• [What is expected]: The reply should hold every line of the listing exactly, and none of its images.

• [Collected material]:
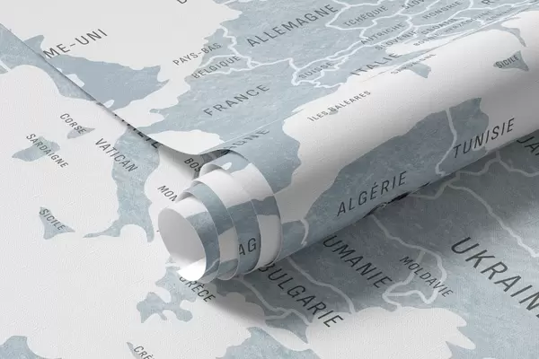 Fototapetak Gyerekeknek szóló, akvarell stílusú térkép állatokkal és hőlégballonokkal. Francia nyelvű. Kék színű. Nr. c00001frv1
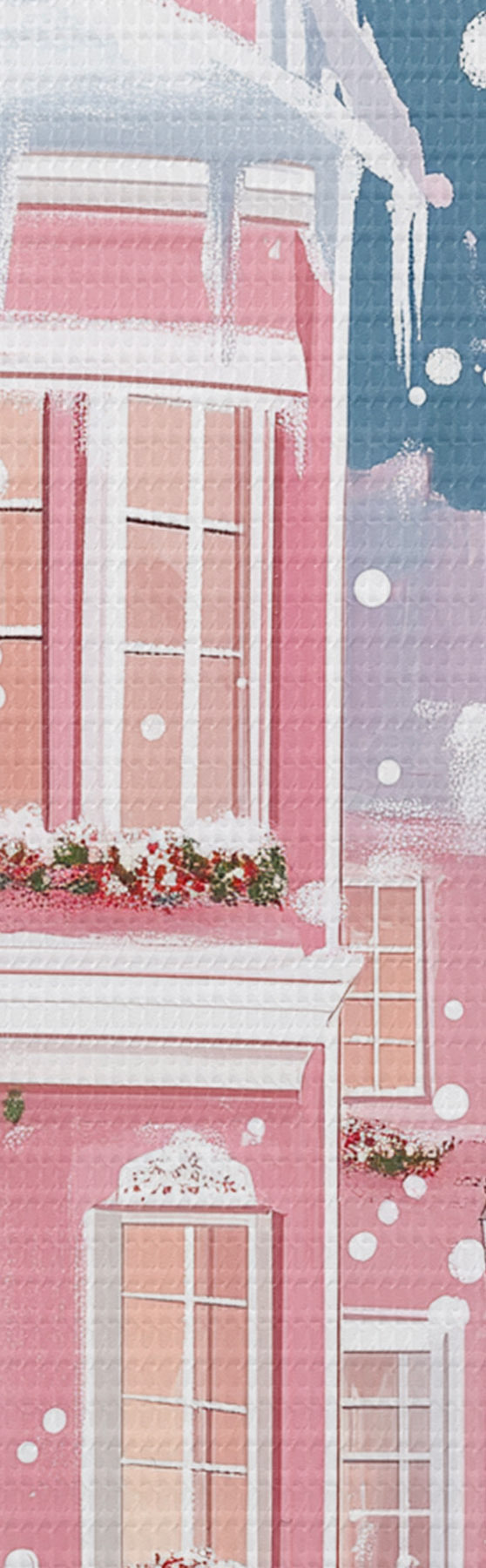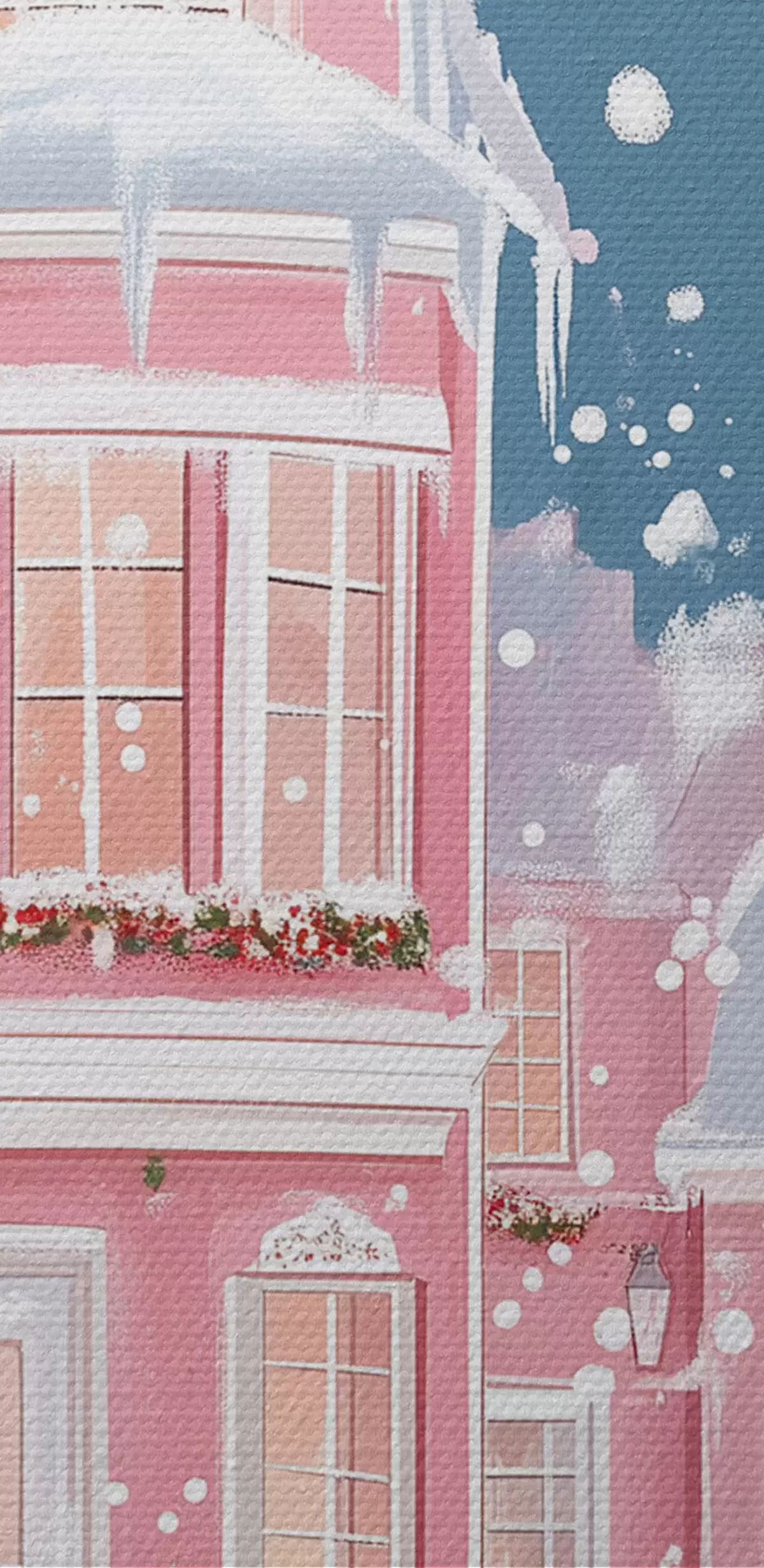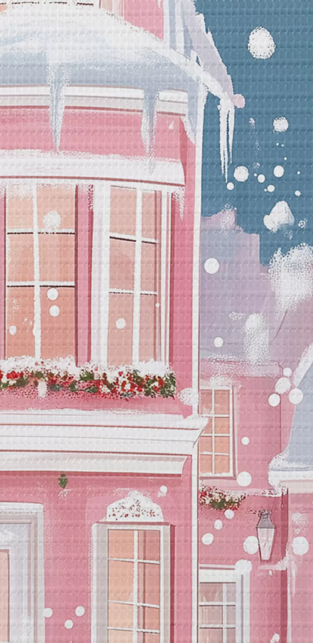 Okrągły obraz Zimowe miasto z różowymi domami, choinkami i płatkami śniegu Nr r42792
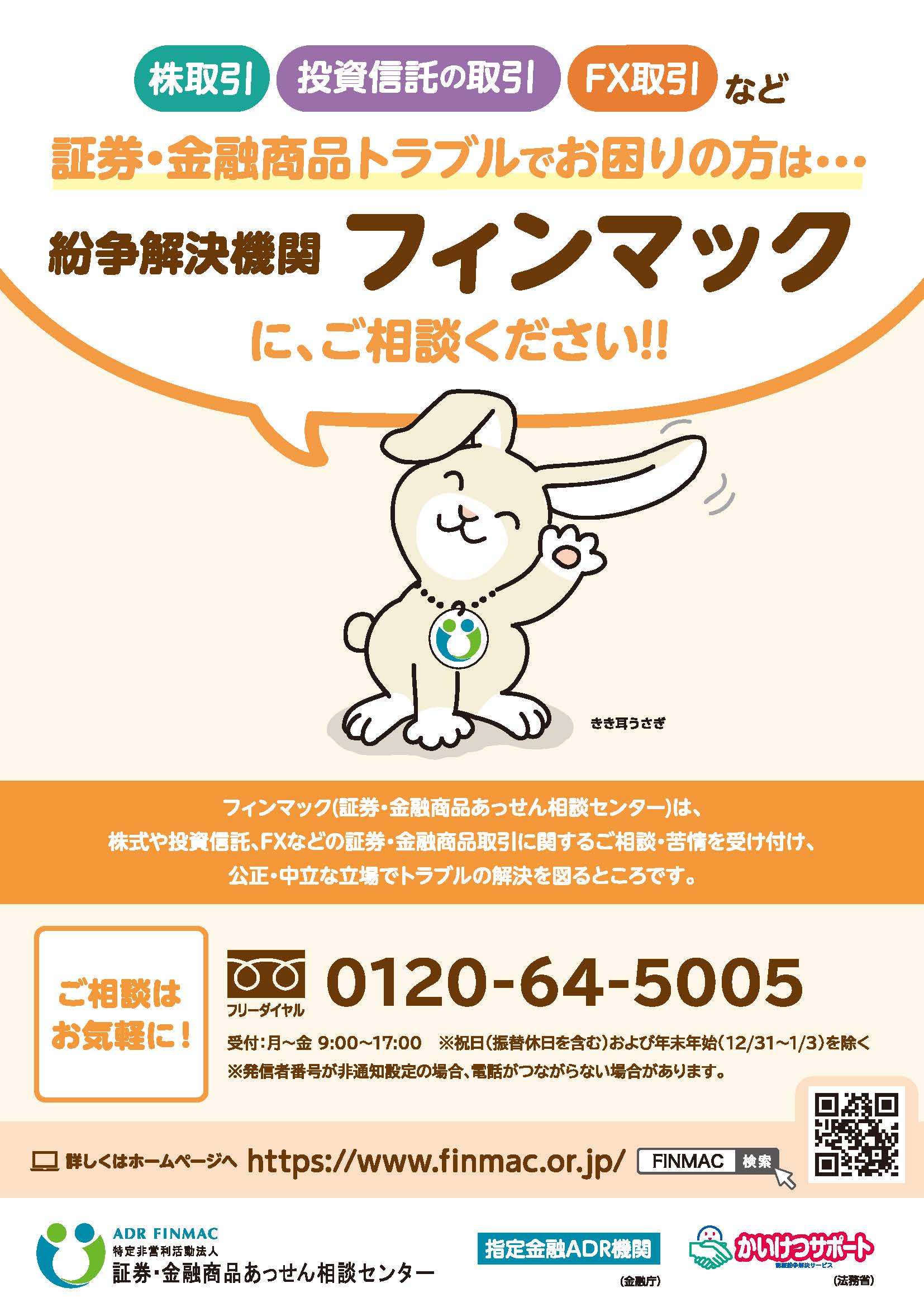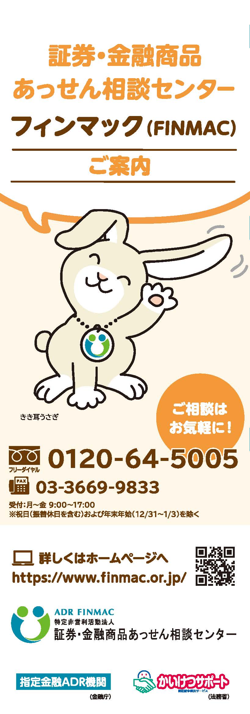 証券・金融商品あっせん相談センター(略称:FINMAC)では、当センターの普及・啓発のため、業務の概要等をとりまとめたポスター及びリーフレットを作成しております。ご活用ください。

• [Response below]:
 Fototapetak Gyerekeknek szóló, akvarell stílusú térkép állatokkal és hőlégballonokkal. Francia nyelvű. Kék színű. Nr. c00001frv1
 Okrągły obraz Zimowe miasto z różowymi domami, choinkami i płatkami śniegu Nr r42792
 証券・金融商品あっせん相談センター(略称:FINMAC)では、当センターの普及・啓発のため、業務の概要等をとりまとめたポスター及びリーフレットを作成しております。ご活用ください。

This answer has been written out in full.